Getting entry from many to many mapping table-CodePudding

I have two tables that are mapped together with a mapping table; the tables are as follows:

data
metadata
matadata_map

metadata_map is mapping data together with metadata. In the metadata_map table, I need to map some IDs together. I need to find out which data ids have X, Y .. N metadata ids. The metadata_map table could look like the following:

--------------------
| data_id| meta_id |
--------------------
| 1      | 2       |
| 1      | 3       |
| 2      | 1       |
| 2      | 2       |
| 3      | 1       |
| 3      | 2       |
| 3      | 3       |
| 3      | 4       |
--------------------

In this example, I will try to find out which data_ids has both meta_ids 2 and 3. When looking up in the metadata_map table, I should get the result: (1, and 3)

----------
| data   |
----------
| 1      |
| 3      |
----------

since both data_id 1 and 3 has meta_id 2 and 3.

My question is, how can I best match them together in PostgreSQL to get the result? This also requires that it's highly performant because the table has, at the moment of typing, about ~700mil entries.

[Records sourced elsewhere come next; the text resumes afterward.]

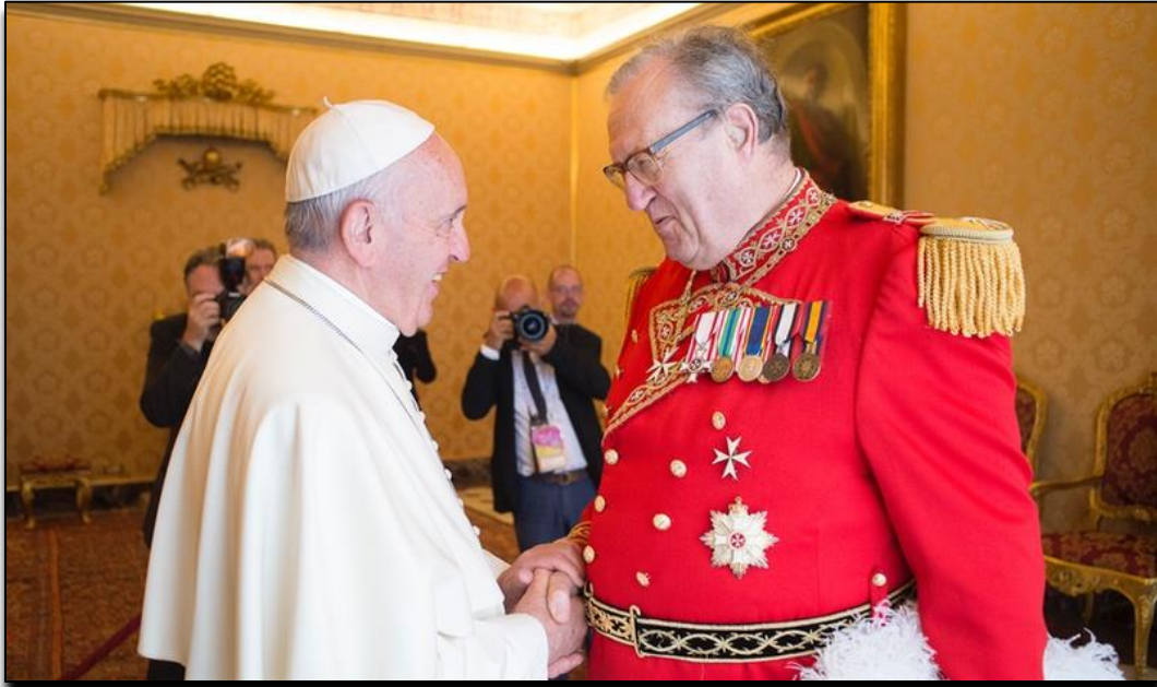
Figure 3: Press Release. (June 23, 2016). Pope Francis Received the Grand Master of the Sovereign Order of Malta in Audience. Order of Malta. https://www.orderofmalta.int/2016/06/23/pope-francis-receives-the-grand-master-of-the-sovereign-order-of-malta-in-audience/
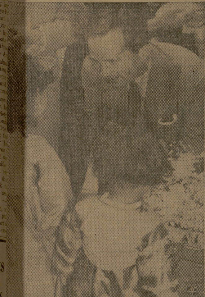
Gov. Allan Shivers chats with two of the young girls who welcomed him and Govs. Fine of Iowa and Thornton of Colorado on their trip to review of the American reconstruction program in Texas. Shivers returned to the state Sunday.
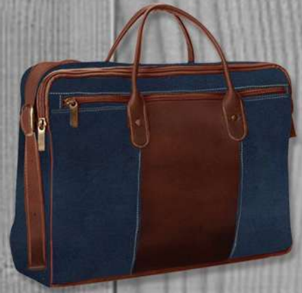
Topside Brief #93789 (15" x 4.5" x 11")
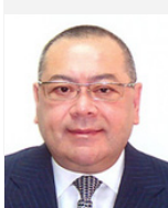
Hon Abraham SHEK Lai-him, SBS, JP (Real Estate and Construction*)
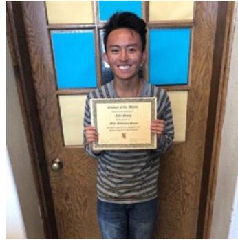
LULAC National Educational Service Center Upward Bound
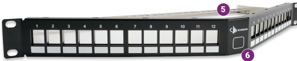
24-Port Angled Panel
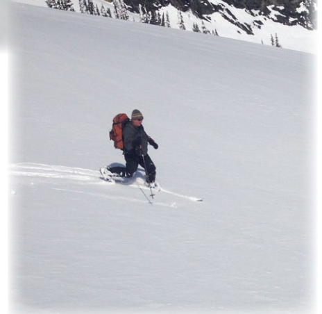
Right: STD putting in some turns on Pollox
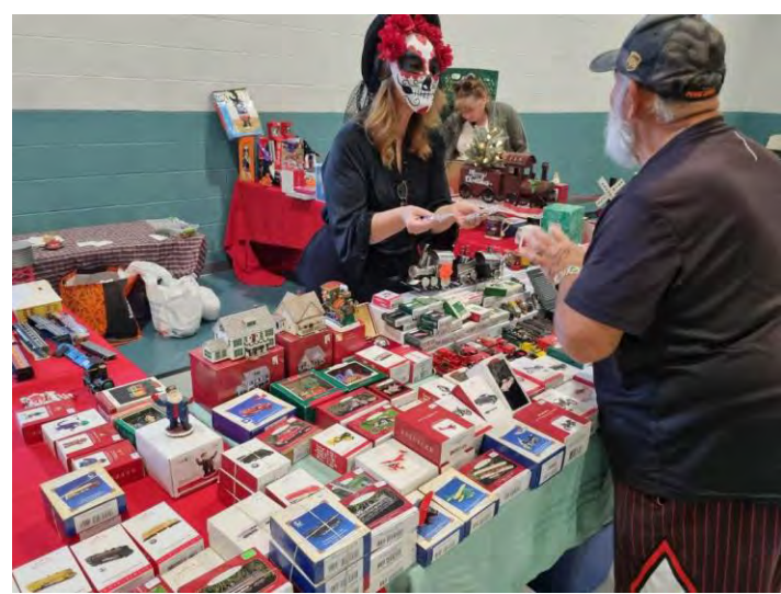
Some of the vendors dressed up for Halloween which was only days away

CodePudding user response：

Alternative - using an array:

 select data_id
 from metadata_map 
 group by data_id
 having array_agg(meta_id) @> array[2,3];

This query retrieves data_ids that have both meta_id 2 and meta_id 3 but may have others too.

having array_agg(meta_id order by meta_id) = array[2,3];

would retrieve data_ids that have exactly meta_id 2 and meta_id 3 and no others.
The pattern can be reused with other array operators too.

CodePudding user response：

You can use grouping

 select data_id
 from metadata_map 
 where meta_id in (2,3)
 group by data_id
 having count(*) = 2

The query assumes metadata_map contains no dups. Alternatively use count(distinct meta_id).